In 2013, PK Park again hosted an NCAA Regional, as the Ducks entered the 64-team tournament as a #8 national seed. Oregon lost its second and fifth games, both to the Rice Owls, and were eliminated.

In 2021, PK Park hosted another regional, as the Ducks entered as the #14 national seed. Oregon fell short when they lost to LSU in the regional championship.

==Attendance==
In 2013, the Ducks ranked 34th among Division I baseball programs in attendance, averaging 1,971 per home game.

The park hosted an Oregon Ducks baseball single-game record crowd of 4,825 on June 11, 2012, in game three of the Super Regional against Kent State; the Golden Flashes defeated the Ducks 3-2. To increase the stadium's capacity for postseason play, two temporary stands were erected beyond the left-center field wall.

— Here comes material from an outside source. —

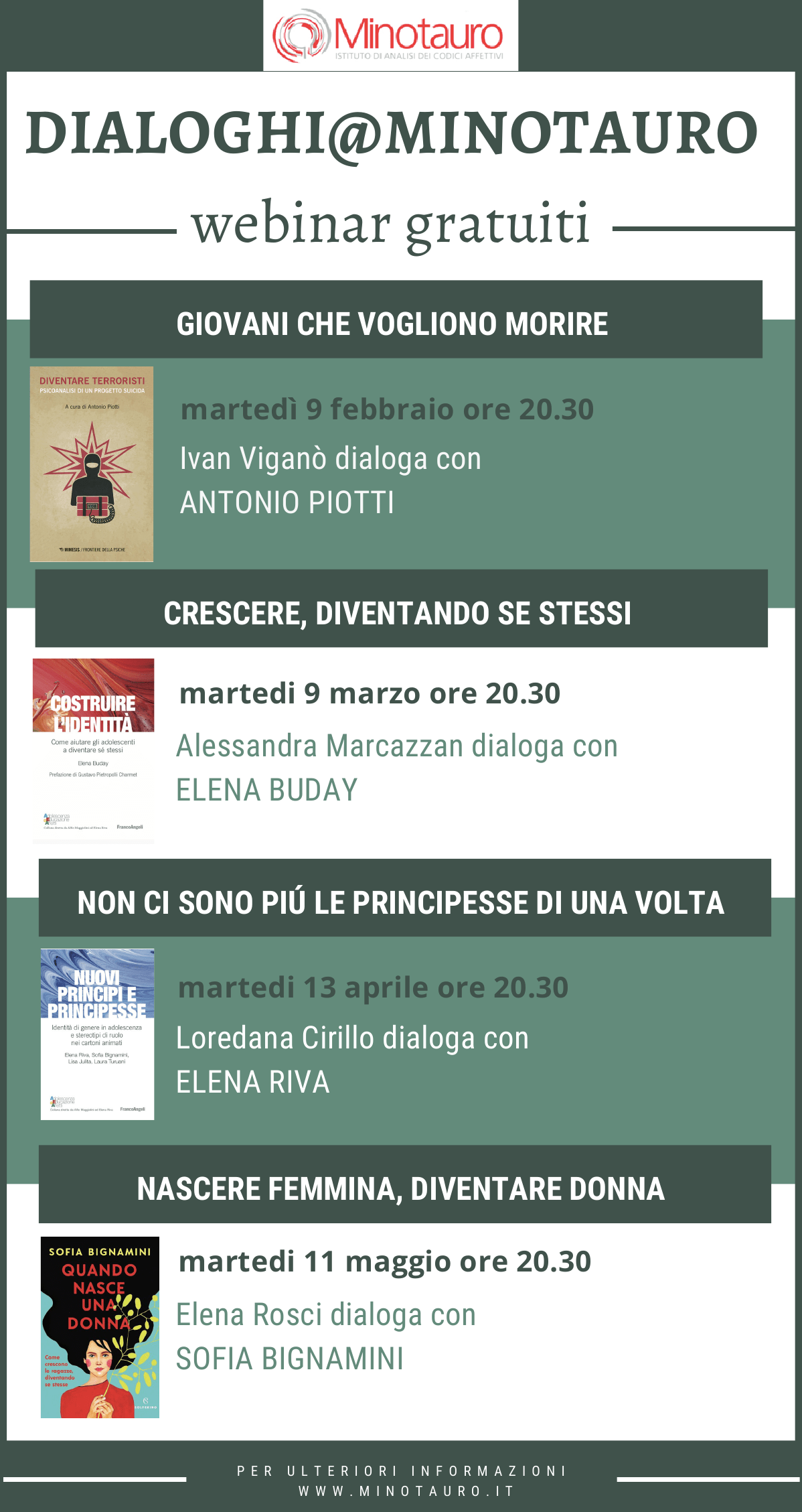 Dopo il successo del primo ciclo di webinar gratuiti Dialoghi@Minotauro, proponiamo nuovi eventi online aperti a tutti sull’adolescenza e sulla psicologia evolutiva.

The overall attendance record was set in 2017 when 5,097 fans attended a July 4 contest between the Eugene Emeralds and Boise Hawks. The game went on for 20 innings - the longest ever for any professional baseball game to be played on the July 4th Independence Day holiday.

| Rank | Attendance | Opponent | Date | Notes |
| 1 | 4,825 | Kent State | June 11, 2012 | NCAA Super Regional |
| 2 | 4,177 | Kent State | June 9, 2012 | NCAA Super Regional |
| 3 | 3,892 | California* | April 28, 2012 | post-Spring football game |
| 3,892 | Stanford* | April 27, 2013 | post-Spring football game |
| 3,892 | Oregon State | May 18, 2013 | Civil War rivalry |
| 6 | 3,843 | Kent State | June 10, 2012 | NCAA Super Regional |
| 7 | 3,820 | Oregon State | May 17, 2013 | Civil War rivalry |
| 8 | 3,791 | Washington State* | May 1, 2010 | post-Spring football game |
| 9 | 3,771 | Austin Peay | June 1, 2012 | NCAA Regional |
| 10 | 3,762 | Oregon State | May 19, 2013 | Civil War rivalry |

- Spring Football game played on the same day (no home baseball game after 2011 spring game).

==Previous venue==
In the program's first period as a varsity sport (1936–1981), the Ducks played at Howe Field, which was converted to the women's softball venue in 1987 after the school eliminated baseball as a varsity sport in 1981. The minor league Eugene Emeralds had played at Civic Stadium from 1969 through 2009, and previously at Bethel Park, located at Roosevelt Boulevard and Maple Street; its outfield is now Lark City Park.